Why wouldn’t a Labour government – the party which proposed a living wage – increase the minimum wage?

“Because Malta is a small and open economy that has to compete for its exports. Portugal, Spain, Italy, and Greece have a minimum wage that is pretty much equivalent. The northern countries have double our minimum wage. We could double our minimum wage but we would not be competitive with the countries near us.

“Minimum wage is paid to people with no skills whatsoever – so to improve their lot we have to give them skills, better education. The government has a €3 billion budget to distribute, which we must make sure spreads also to the lower end, without interfering in the labour market, which pays according to productivity. If we play with our competitiveness, we would be playing with our economic growth.”

Scicluna says that around 450 long-term unemployed have entered the labour market thanks to tapered benefits and active labour market policies, but discounts the notion that this might also push them into precarious jobs.

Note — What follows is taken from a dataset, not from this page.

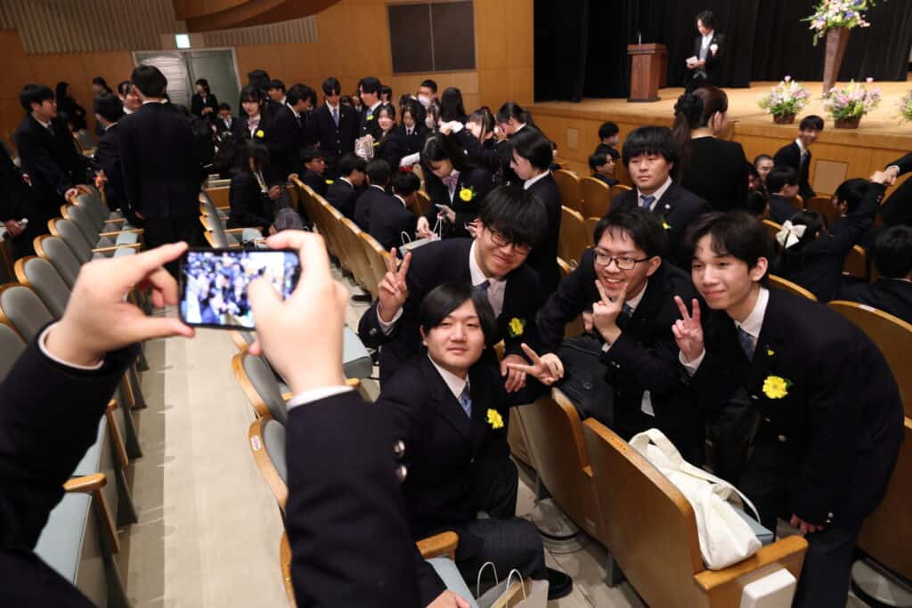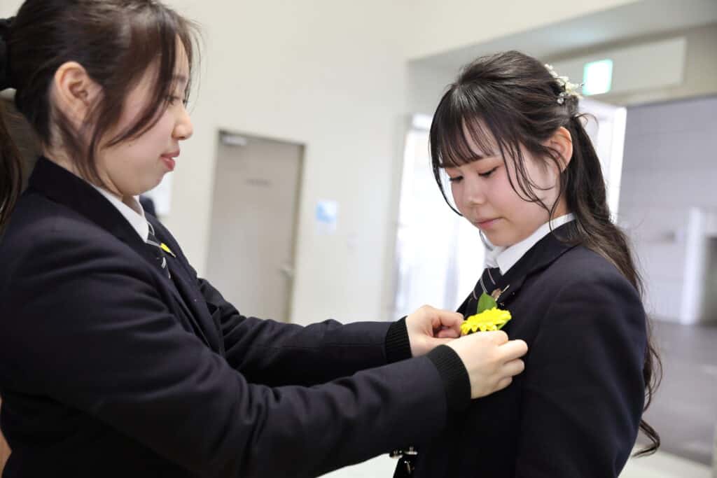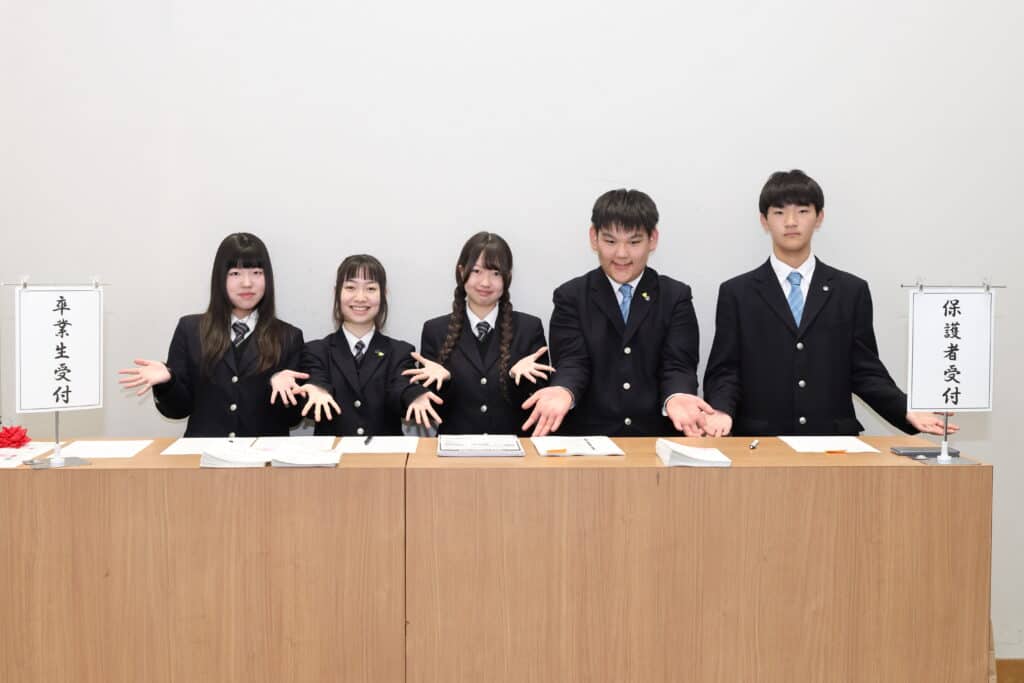 卒業生のために、一生懸命卒業式の準備や当日の運営を行っていたのは実行委員の在校生です。卒業式を成功させるために、約1か月前から準備や練習をスタートさせました。そして当日は、会場設営だけでなく、受付・会場案内・音響・撮影、司会など色々な場面で在校生が活躍してくれていました。お世話になった3年生に恩返しがしたい一心で、自分の役割に責任を持って取り組むことができていました!

“If they are unskilled they cannot take top jobs. But the fact that they regain self-respect… I wouldn’t want to give a caricature of someone sitting on a sofa watching TV all day or sitting in a coffee shop, but you can say that your income and self-respect suffers from begging from the State. The fact that someone is earning it and still keeping the benefits since it pays for him to work, then you are encouraging them to participate in the labour market over the three-year period of tapered benefits.”

But is this also not the major part of your social spending: the real expense is pensions…

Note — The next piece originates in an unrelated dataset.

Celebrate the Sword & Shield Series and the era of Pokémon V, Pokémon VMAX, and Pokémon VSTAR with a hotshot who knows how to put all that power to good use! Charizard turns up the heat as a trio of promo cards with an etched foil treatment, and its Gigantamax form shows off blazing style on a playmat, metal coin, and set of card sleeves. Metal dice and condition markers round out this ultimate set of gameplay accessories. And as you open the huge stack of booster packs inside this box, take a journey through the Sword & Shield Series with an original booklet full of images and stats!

“Well, you’d be surprised. There are well over 6,000 single mothers in Malta getting a benefit package of up to €8,000-€9,000… a €50 million expense. There are benefits for people in need, unless they are abusing. But you can’t cut benefits because one-third of them are abusing. So when we talk about benefit dependence it is not minor.

“People are upset about people abusing of their benefits. Perhaps the scale of abuse is more than one thinks.”

Why are we talking about single mothers and ‘loafers’ as scapegoats on the entire benefits system?

“I don’t want to use that language because as an economist I believe every person is rational: they don’t work because it doesn’t pay. I believe them! It doesn’t pay because they lose all the benefits, because the State is telling them that it will take all their benefits back when they go out to receive a minimum wage. So I change the system and make them an offer they cannot refuse, making them earn more to go out to work.”

Wouldn’t the State have less stress on its coffers if it introduced a mandatory, second-pillar pension where both employers and employees contribute to a pension fund?

“We have introduced a voluntary pension, and we will see where we are. We can increase the incentives over the years. Let’s see how the €4,000 scheme fares, especially for young people.”